Ao grupo inicial de voluntários, juntaram-se posteriormente mais cinco pessoas que viajaram de avião, num total de 34, os principais rostos da missão. No entanto, Nuno Rebocho esclarece que o número de envolvidos extravasa estes dígitos: «Houve centenas de pessoas que ajudaram na angariação e organização dos bens e que delegaram coisas para levarmos. Todos eles fazem parte também».
“Estamos todos com a cabeça e o coração lá”
De Portugal para a Guiné-Bissau, a caravana humanitária transportou toneladas de donativos, onde se destaca «400 quilos de leite em pó», além de material hospitalar e escolar e uma «quantidade incrível» de sementes e alfaias agrícolas. Porém, as doações não ficaram por aqui: «Levámos sistemas de painéis fotovoltaicos, onde colocámos eletrobombas para conseguir retirar água dos poços e, assim, a população ter acesso. Instalámos ainda sistemas de geração de energia com bateria para que se pudesse pôr a funcionar uma unidade de produção e moagem para a produção de farinha». Também as 11 viaturas que transportaram todos os donativos ficaram na Guiné-Bissau, onde foram entregues a 11 organizações a operar no país. «É das coisas que mais falta lhe fazia», garante Nuno Rebocho, revelando que também distribuíram 20 bicicletas pelo território. De todas as vezes, as receções foram intensas e calorosas, sobretudo nos locais mais recônditos da Guiné, onde a ajuda não era o que de melhor levavam. «Só o facto de estarmos lá e de nos preocuparmos, para eles já era de uma gratidão tremenda. São imagens que jamais vão esquecer».
Com esta missão, os voluntários percorreram mais de seis mil quilómetros. «Não podia ter corrido melhor. Atingimos todos os objetivos a que nos tínhamos proposto. Toda a ajuda que levávamos foi entregue em mãos nos sítios certos e a esse nível foi realmente fantástico», reconhece, ressalvando que «toda a ajuda que se leve é sempre pouca face à necessidade existente no terreno».

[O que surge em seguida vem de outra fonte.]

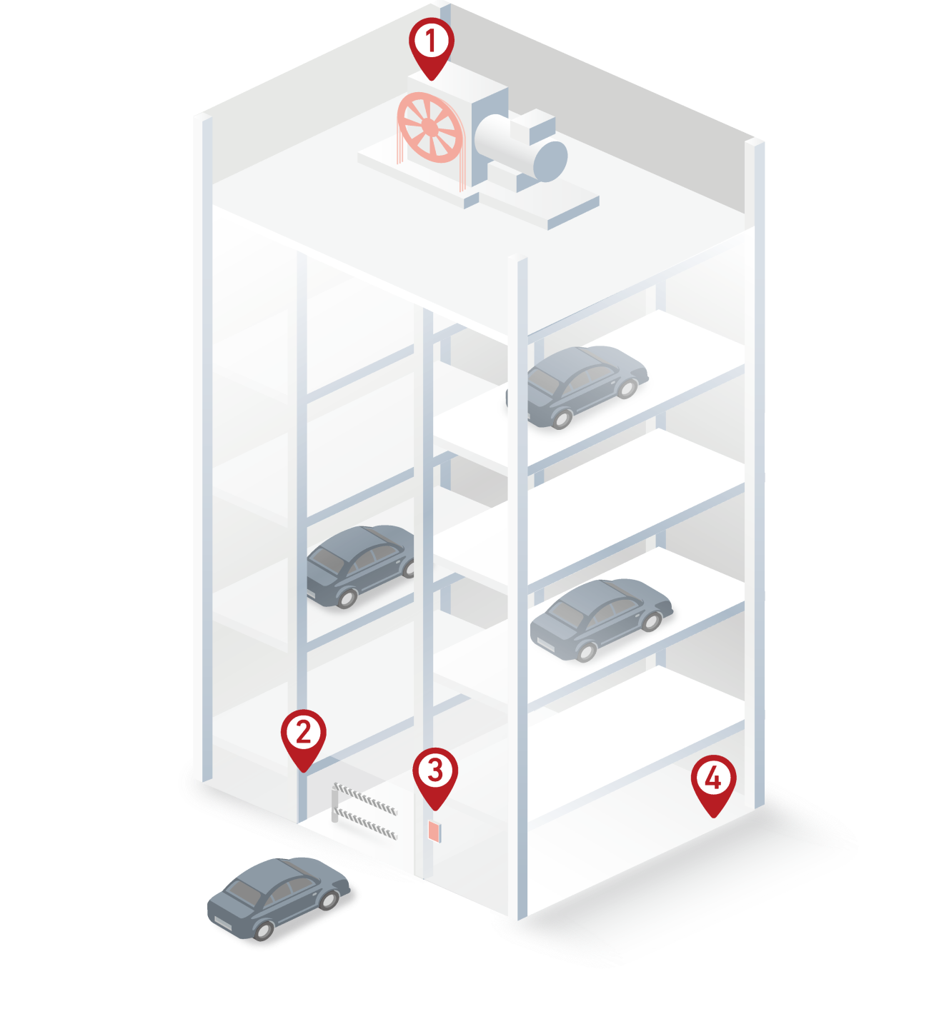 多層化・立体化することで、少ない面積でより多くの車を駐車できる施設です。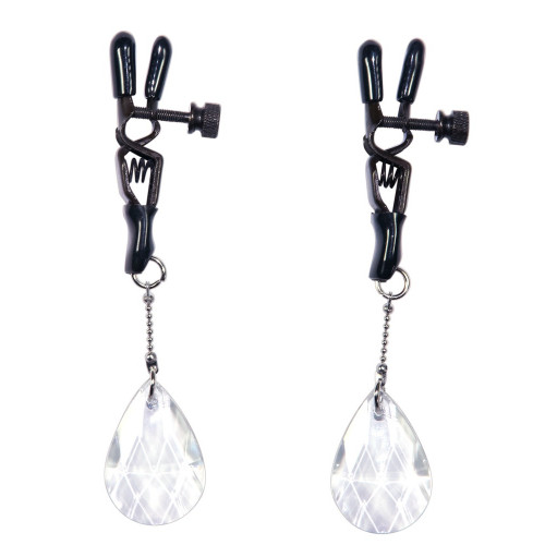 Элегантные зажимы для сосков с прозрачными подвесками в виде ярких кристаллов. Сила сжатия регулируется с помощью специальных исключительно. На концах имеются мягкие накладки для безопасного использования и защиты от повреждения сосков. Используются как аксессуар БДСМ. Полная длина каждого аксессуара - 11,5 см, длина зажима - 6 см.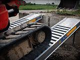 Nakladalne aluminijaste rampe z robustno konstrukcijo za naklad delovnih strojev s kovinskimi gosenicami. Specifikacije modela 120.00.003 standardni priklop:

Viajaram para a Guiné carregados de donativos e, embora lá tenham deixado tudo, regressaram a Portugal igualmente carregados, desta vez de experiências que tão cedo não lhes sairão da memória. «Já passou algum tempo desde que regressámos, mas estamos todos com a cabeça e o coração lá. Não é fácil desligar daquela realidade, mas a vida continua», reconhece. «Foi uma experiência única. É uma viagem de uma vida que marca para nunca mais esquecer», conclui.